# [Work task]
Your task is to repeat all of the data exactly while excluding the pictures.

# [Raw data]
------------------------------------------------------------------------

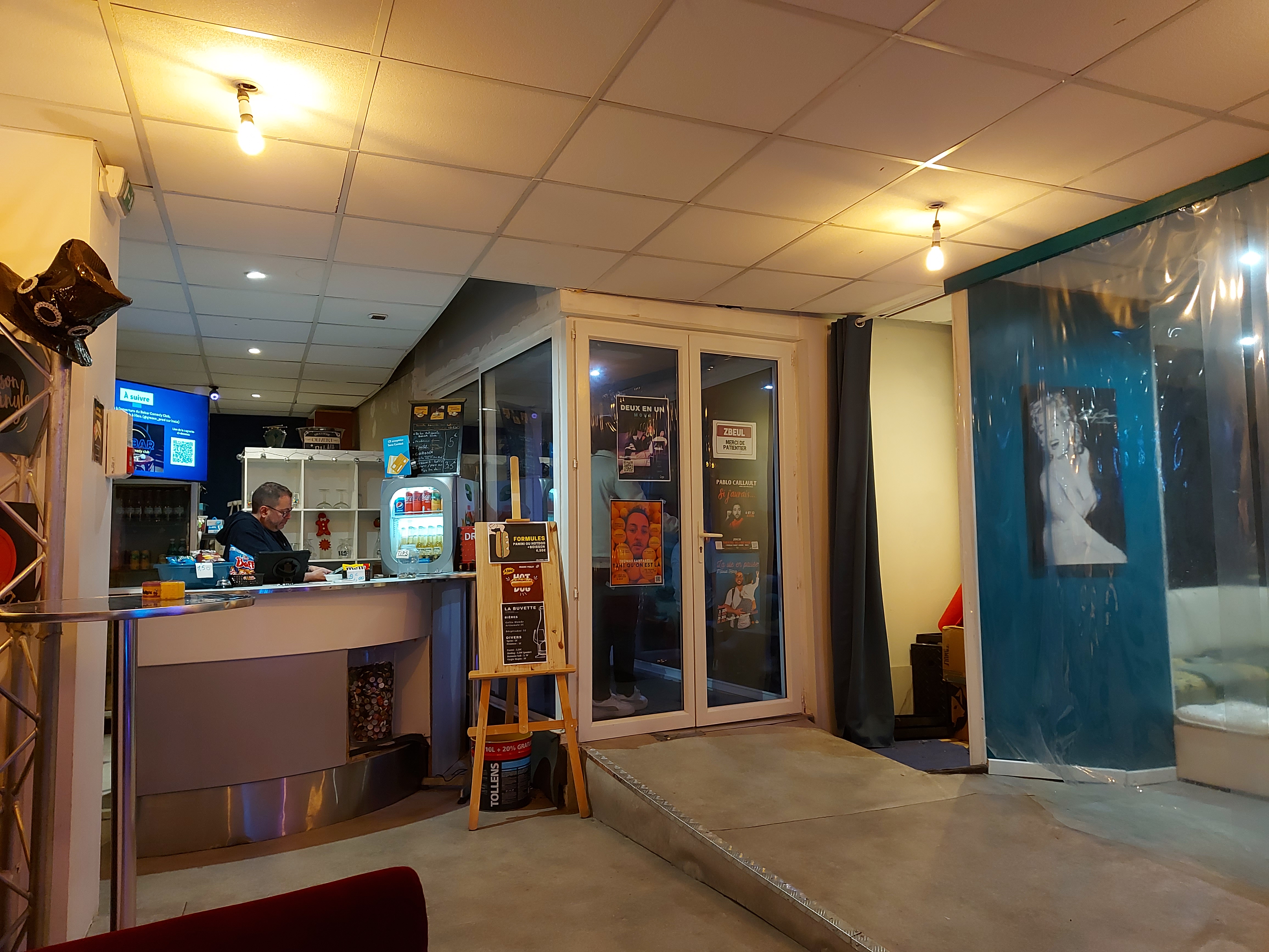 Oui, cet endroit existe ! Et c'est ouvert ! En fait, cet endroit est un club de comédie debout ! Et du théâtre amateur parfois. Stand-ups le vendredi ! Assurez-vous d'arriver tôt, les places sont courtes. Des gens très sympathiques ! Des installations un peu sobres, mais cela le rend peut-être encore plus caractéristique !
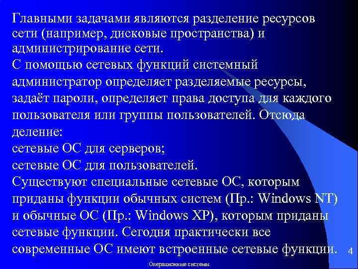 Главными задачами являются разделение ресурсов сети (например, дисковые пространства) и администрирование сети. С помощью сетевых функций системный администратор определяет разделяемые ресурсы, задаёт пароли, определяет права доступа для каждого пользователя или группы пользователей. Отсюда деление: сетевые ОС для серверов; сетевые ОС для пользователей. Существуют специальные сетевые ОС, которым приданы функции обычных систем (Пр. : Windows NT) и обычные ОС (Пр. : Windows XP), которым приданы сетевые функции. Сегодня практически все современные ОС имеют встроенные сетевые функции. 4 Операционные системы
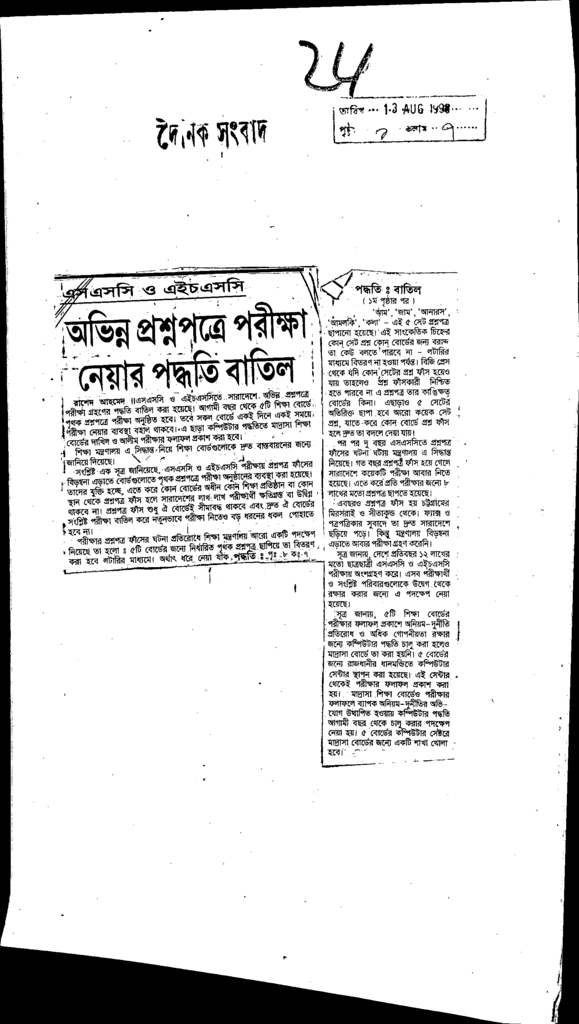 অভিন্ন প্রশ্ন পত্রে পরীক্ষা নেয়ার পদ্ধতি বাতিল
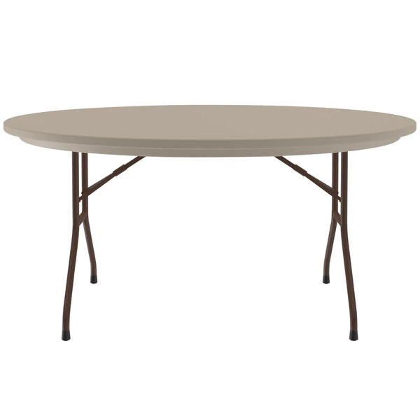 Correll Round Heavy-Duty Folding Table, 60″ Blow-Molded Plastic, Mocha Granite

------------------------------------------------------------------------

# [Exercise result]
 Oui, cet endroit existe ! Et c'est ouvert ! En fait, cet endroit est un club de comédie debout ! Et du théâtre amateur parfois. Stand-ups le vendredi ! Assurez-vous d'arriver tôt, les places sont courtes. Des gens très sympathiques ! Des installations un peu sobres, mais cela le rend peut-être encore plus caractéristique !
 Главными задачами являются разделение ресурсов сети (например, дисковые пространства) и администрирование сети. С помощью сетевых функций системный администратор определяет разделяемые ресурсы, задаёт пароли, определяет права доступа для каждого пользователя или группы пользователей. Отсюда деление: сетевые ОС для серверов; сетевые ОС для пользователей. Существуют специальные сетевые ОС, которым приданы функции обычных систем (Пр. : Windows NT) и обычные ОС (Пр. : Windows XP), которым приданы сетевые функции. Сегодня практически все современные ОС имеют встроенные сетевые функции. 4 Операционные системы
 অভিন্ন প্রশ্ন পত্রে পরীক্ষা নেয়ার পদ্ধতি বাতিল
 Correll Round Heavy-Duty Folding Table, 60″ Blow-Molded Plastic, Mocha Granite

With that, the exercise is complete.